Work item: Using the data below, set down every line from the one containing "曲谱介绍: 深夜吉他谱由豆丁" through the one containing "简约插画谷麦满仓中国农民丰收节宣传海报", inclusive and unchanged. Pictures are to be skipped.

Material shown:
******************************

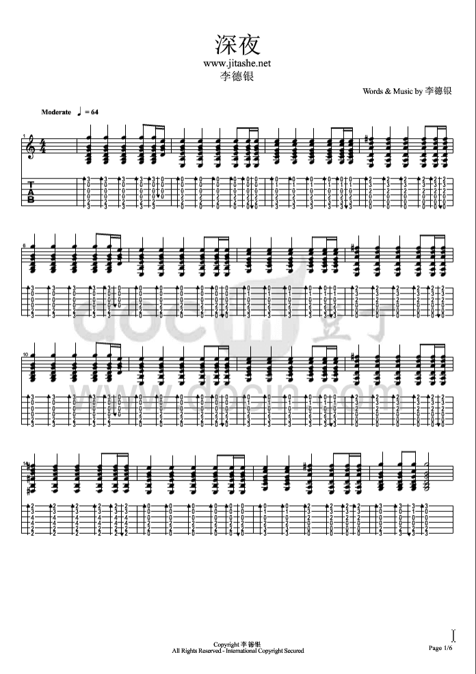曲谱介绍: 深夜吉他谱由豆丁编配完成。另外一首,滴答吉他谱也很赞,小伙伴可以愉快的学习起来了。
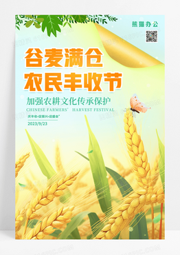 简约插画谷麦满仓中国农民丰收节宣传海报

******************************

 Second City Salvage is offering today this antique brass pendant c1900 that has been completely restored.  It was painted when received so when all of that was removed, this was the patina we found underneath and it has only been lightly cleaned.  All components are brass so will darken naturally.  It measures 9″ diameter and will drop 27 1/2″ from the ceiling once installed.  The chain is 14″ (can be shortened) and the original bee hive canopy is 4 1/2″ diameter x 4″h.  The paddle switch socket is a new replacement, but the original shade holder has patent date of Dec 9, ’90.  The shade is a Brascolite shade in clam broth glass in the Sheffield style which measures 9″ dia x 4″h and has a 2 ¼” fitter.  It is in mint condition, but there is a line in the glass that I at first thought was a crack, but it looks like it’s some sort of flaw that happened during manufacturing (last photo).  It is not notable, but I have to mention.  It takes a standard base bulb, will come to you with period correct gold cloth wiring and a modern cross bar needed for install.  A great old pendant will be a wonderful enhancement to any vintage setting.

******************************

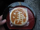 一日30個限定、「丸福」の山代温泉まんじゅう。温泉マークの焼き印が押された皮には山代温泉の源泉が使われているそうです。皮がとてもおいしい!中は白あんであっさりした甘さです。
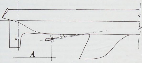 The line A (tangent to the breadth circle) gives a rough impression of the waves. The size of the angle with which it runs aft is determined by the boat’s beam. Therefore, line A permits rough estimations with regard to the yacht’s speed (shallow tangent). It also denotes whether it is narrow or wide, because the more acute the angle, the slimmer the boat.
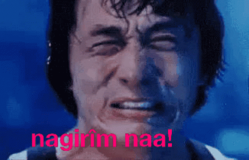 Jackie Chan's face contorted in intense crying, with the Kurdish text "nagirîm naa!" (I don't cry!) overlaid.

******************************

Task response:
曲谱介绍: 深夜吉他谱由豆丁编配完成。另外一首,滴答吉他谱也很赞,小伙伴可以愉快的学习起来了。
 简约插画谷麦满仓中国农民丰收节宣传海报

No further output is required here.